When the listing below reaches the line that has "Show me where", start reproducing exactly; stop after the line that has "这就是今天雷霆全队绝妙之处:不让约基奇去篮下。", and drop the pictures.

Record extracts →

────────────────────────────────────────

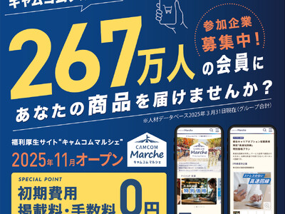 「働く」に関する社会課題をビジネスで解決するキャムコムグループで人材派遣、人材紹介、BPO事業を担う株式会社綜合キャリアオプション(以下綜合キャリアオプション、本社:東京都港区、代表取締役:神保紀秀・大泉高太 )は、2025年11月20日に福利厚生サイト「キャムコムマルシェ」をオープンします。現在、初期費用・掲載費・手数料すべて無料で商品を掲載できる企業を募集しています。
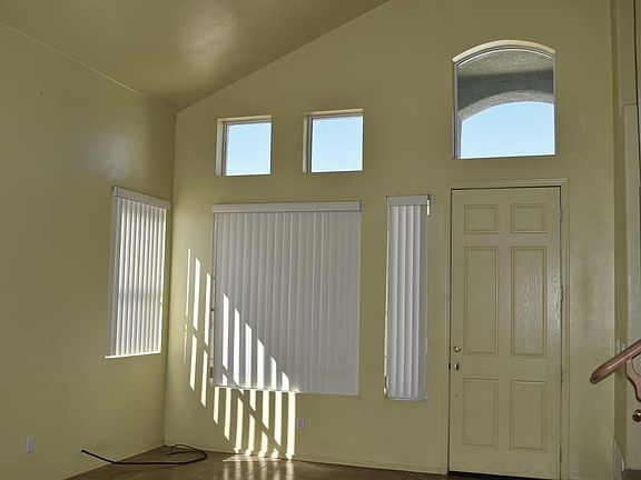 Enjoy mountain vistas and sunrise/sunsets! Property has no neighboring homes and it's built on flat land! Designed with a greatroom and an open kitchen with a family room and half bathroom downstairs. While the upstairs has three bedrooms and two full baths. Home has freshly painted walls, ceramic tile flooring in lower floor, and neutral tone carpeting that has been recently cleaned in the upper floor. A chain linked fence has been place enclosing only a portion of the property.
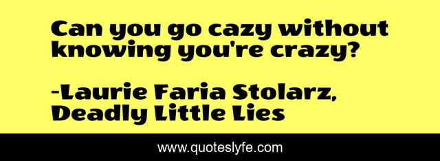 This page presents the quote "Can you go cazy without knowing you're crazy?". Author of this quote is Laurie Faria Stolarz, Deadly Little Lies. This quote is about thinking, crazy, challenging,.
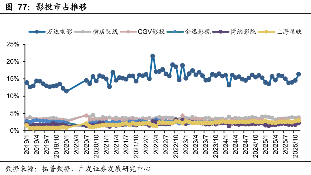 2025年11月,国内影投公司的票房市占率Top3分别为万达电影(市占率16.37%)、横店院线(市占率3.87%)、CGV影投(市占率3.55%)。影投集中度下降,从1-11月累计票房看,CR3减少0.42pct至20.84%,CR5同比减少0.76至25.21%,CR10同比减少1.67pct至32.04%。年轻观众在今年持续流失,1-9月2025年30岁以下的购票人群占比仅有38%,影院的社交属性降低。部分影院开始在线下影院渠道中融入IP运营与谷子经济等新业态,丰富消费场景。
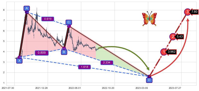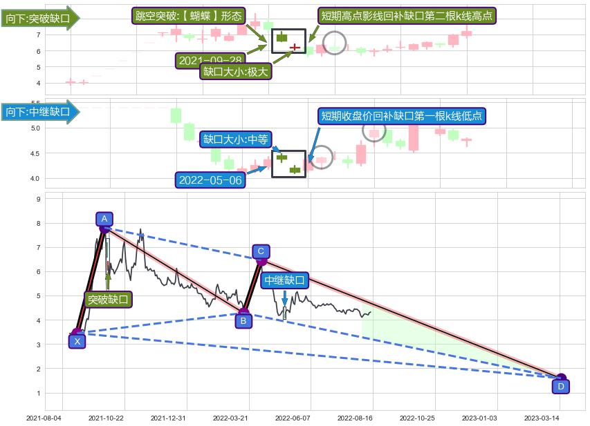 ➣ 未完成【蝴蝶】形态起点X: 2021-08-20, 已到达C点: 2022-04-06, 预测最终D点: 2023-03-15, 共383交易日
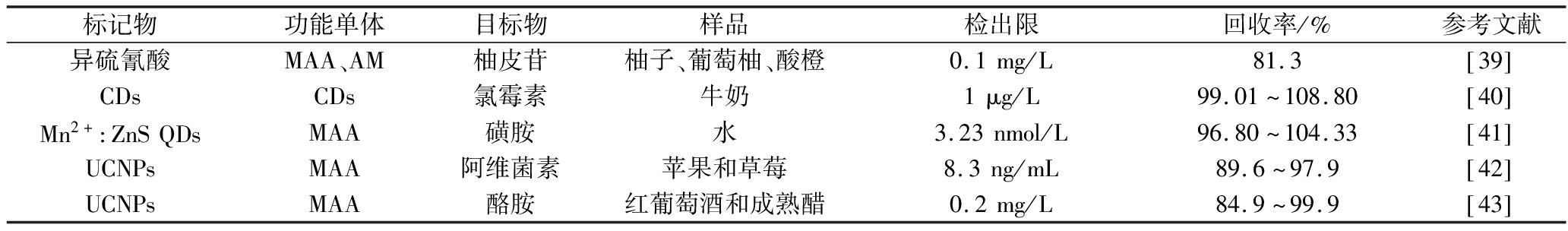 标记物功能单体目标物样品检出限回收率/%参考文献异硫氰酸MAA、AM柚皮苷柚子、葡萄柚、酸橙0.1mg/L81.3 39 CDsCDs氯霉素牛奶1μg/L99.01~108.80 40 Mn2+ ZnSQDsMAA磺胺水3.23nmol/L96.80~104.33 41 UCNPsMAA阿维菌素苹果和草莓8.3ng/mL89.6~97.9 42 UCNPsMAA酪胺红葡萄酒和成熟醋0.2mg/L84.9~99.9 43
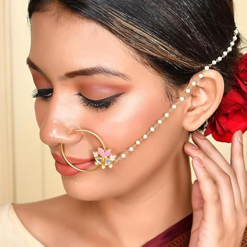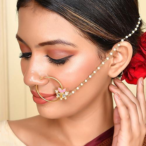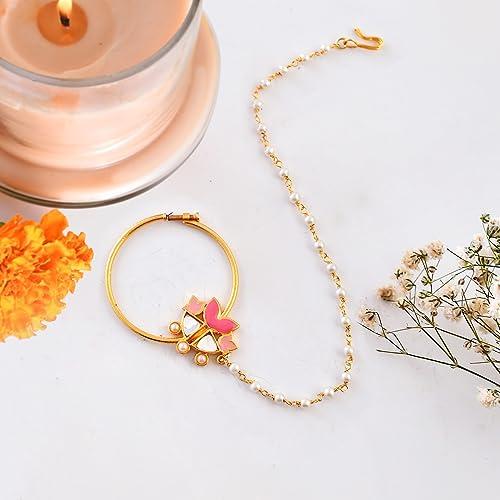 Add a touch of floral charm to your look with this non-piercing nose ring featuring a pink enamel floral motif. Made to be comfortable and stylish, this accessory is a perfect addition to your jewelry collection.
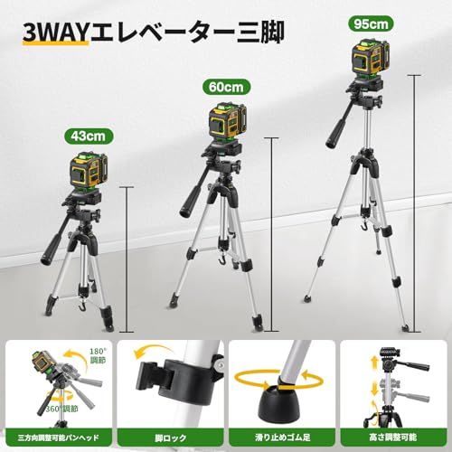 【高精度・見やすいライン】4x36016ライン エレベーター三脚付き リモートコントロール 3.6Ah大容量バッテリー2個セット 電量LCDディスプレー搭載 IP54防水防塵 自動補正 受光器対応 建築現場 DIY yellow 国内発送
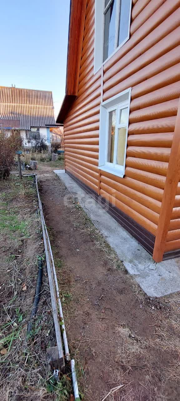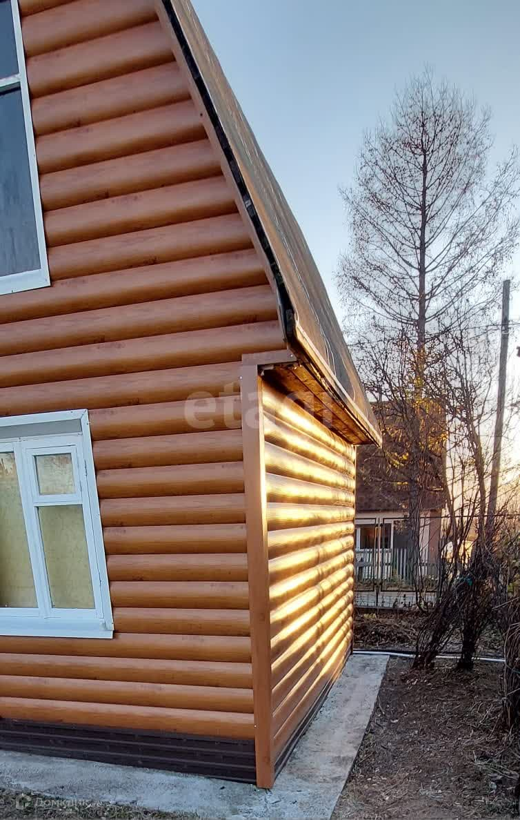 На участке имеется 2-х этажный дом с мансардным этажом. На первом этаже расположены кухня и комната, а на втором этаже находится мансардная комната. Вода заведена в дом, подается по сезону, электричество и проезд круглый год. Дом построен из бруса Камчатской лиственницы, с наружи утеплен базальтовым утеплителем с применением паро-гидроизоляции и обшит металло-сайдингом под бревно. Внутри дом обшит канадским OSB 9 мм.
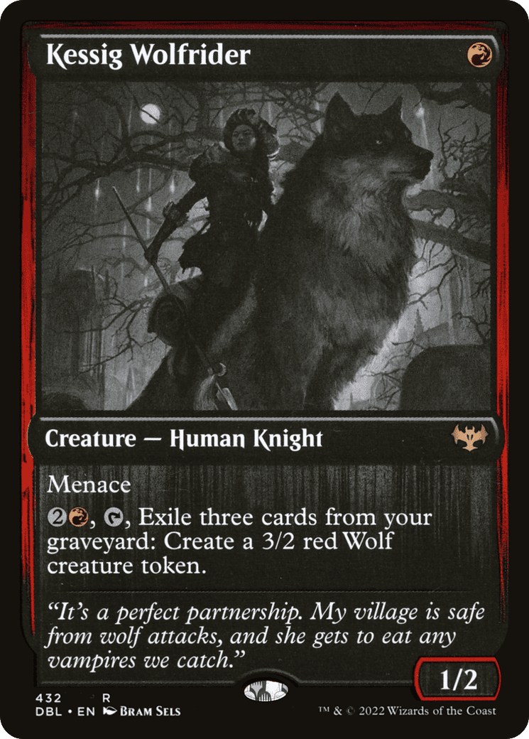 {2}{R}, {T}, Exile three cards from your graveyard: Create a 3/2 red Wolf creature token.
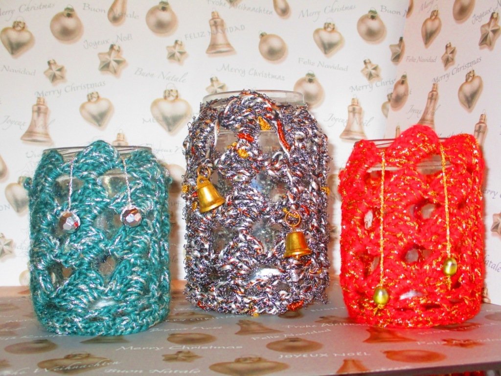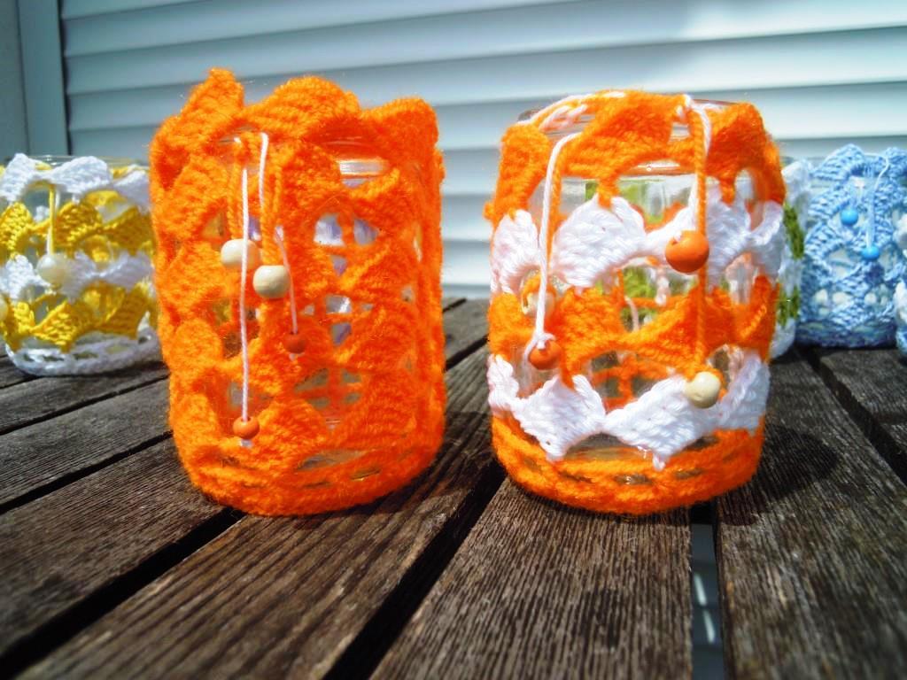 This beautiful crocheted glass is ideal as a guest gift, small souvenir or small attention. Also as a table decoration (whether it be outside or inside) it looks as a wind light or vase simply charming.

────────────────────────────────────────

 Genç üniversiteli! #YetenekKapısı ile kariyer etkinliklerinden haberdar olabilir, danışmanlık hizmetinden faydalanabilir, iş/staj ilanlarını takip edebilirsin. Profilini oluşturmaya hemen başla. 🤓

────────────────────────────────────────

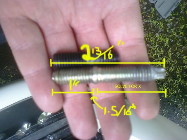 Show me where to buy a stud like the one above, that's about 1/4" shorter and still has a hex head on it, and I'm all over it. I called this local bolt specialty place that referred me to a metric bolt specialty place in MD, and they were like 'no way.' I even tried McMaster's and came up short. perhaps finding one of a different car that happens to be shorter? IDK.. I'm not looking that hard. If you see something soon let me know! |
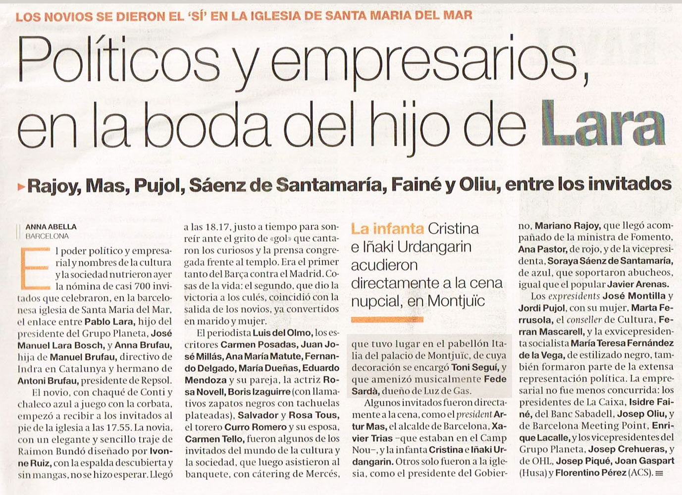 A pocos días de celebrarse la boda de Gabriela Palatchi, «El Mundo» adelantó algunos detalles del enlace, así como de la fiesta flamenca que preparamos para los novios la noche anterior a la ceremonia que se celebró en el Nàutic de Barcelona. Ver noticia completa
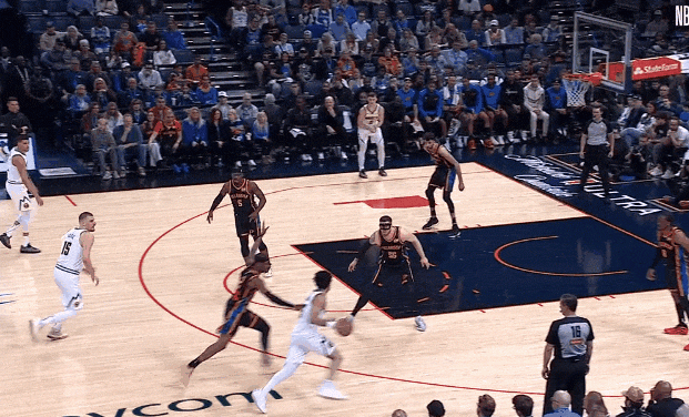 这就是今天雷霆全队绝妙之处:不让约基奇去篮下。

────────────────────────────────────────

Solution to the exercise →
 Show me where to buy a stud like the one above, that's about 1/4" shorter and still has a hex head on it, and I'm all over it. I called this local bolt specialty place that referred me to a metric bolt specialty place in MD, and they were like 'no way.' I even tried McMaster's and came up short. perhaps finding one of a different car that happens to be shorter? IDK.. I'm not looking that hard. If you see something soon let me know! |
 A pocos días de celebrarse la boda de Gabriela Palatchi, «El Mundo» adelantó algunos detalles del enlace, así como de la fiesta flamenca que preparamos para los novios la noche anterior a la ceremonia que se celebró en el Nàutic de Barcelona. Ver noticia completa
 这就是今天雷霆全队绝妙之处:不让约基奇去篮下。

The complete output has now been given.